Quote Quote by Somefantastik View Post
Pn,m = Pn-1,m * (n/n+m) + Pn,m-1*(m/m+n)
Since this wasn't in red I assume you have no problem with this.

From the formula, we have
Pn,1 = Pn-1,1 *(n/n+1) + Pn,0*(1/n+1) = (n/n+1)*Pn-1,1 + 1/(n+1)
The first part of this statement results directly from substituting m=1 into the generic recursive relationship. If candidate B does not receive any votes then candidate A will always be in front. Thus Pn,0=1 for all n>0. The latter equality arises from this fact.
From this, the latter equality need this to make the latter part of the above statement.
P1,1 = 0
If candidate B receives as many or more votes than candidate A there will be some point at which candidate A is not in front. Thus Pn,m=0 for all n<=m.
=> Pn,1 = (n-1)/(n+1)
The recursive relationship suggests there might be a direct expression of the form
Pn,1 = f(n)/(n+1).

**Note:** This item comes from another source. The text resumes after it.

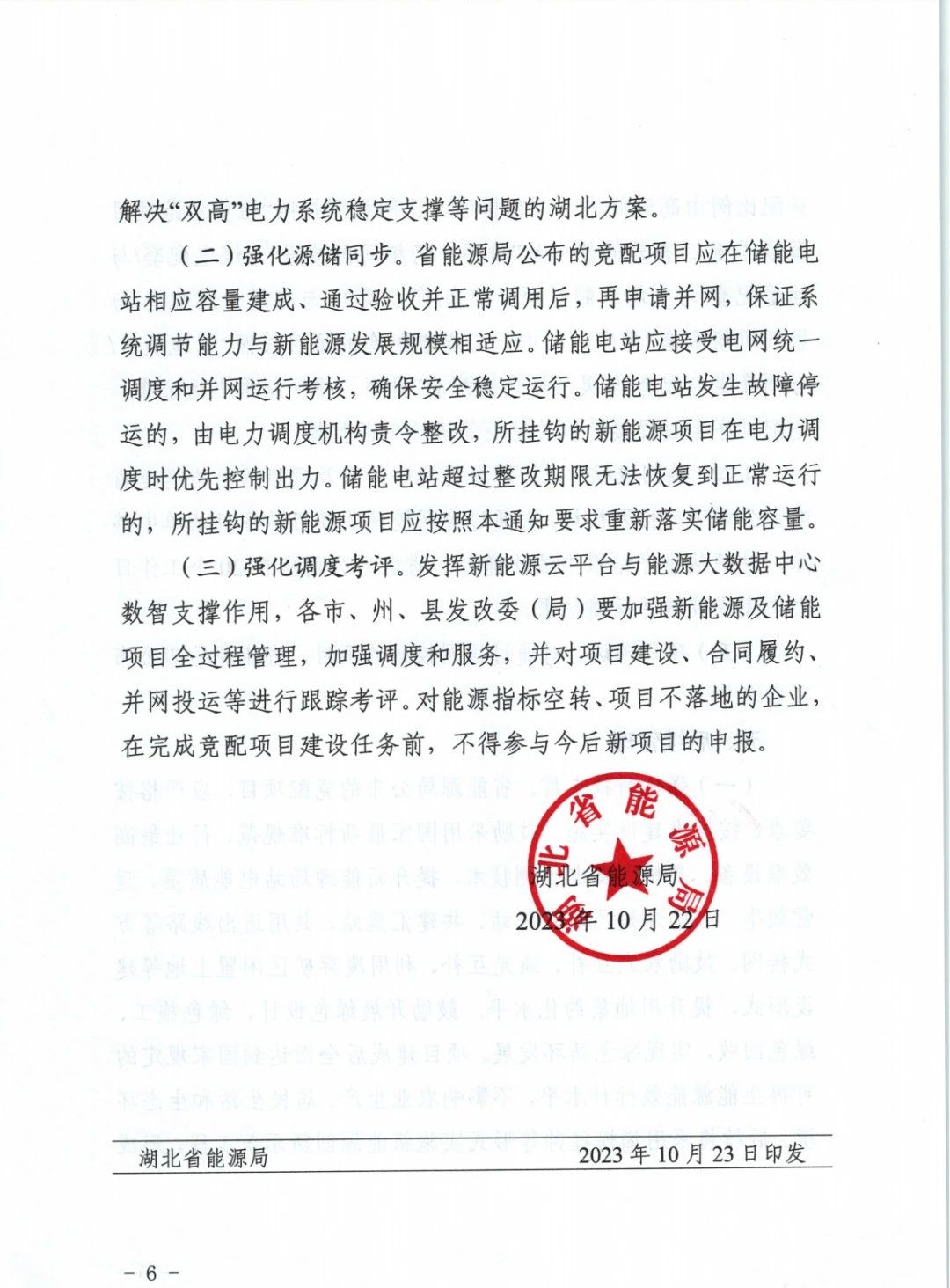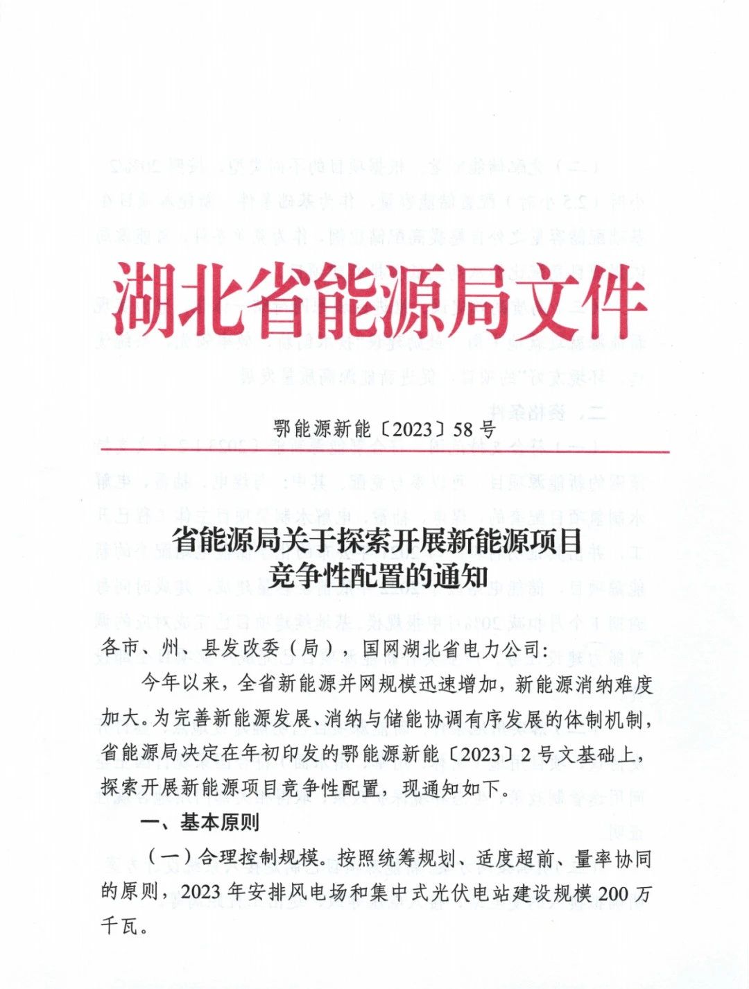 10月23日,湖北省能源局印發(fā)《關于探索開展新能源項目競爭性配置的通知》,擬安排2GW風、光項目指標,并以儲能配置比例作為競爭優(yōu)選條件。

Using this form in the recursive relationship,
f(n)/(n+1) = (n/(n+1))*(f(n-1)/n) + 1/(n+1)
from which
f(n) = f(n-1) + 1
In other words, f(n) = n+k where k is some constant. Since P1,1=0, f(1)=0 and k=-1, or
Pn,1 = (n-1)/(n+1)

You can verify this with recursion. The expression is obviously correct for n=1. Assuming its correct for n-1, you should be able to prove it is true for n.

The case m=2 is similar.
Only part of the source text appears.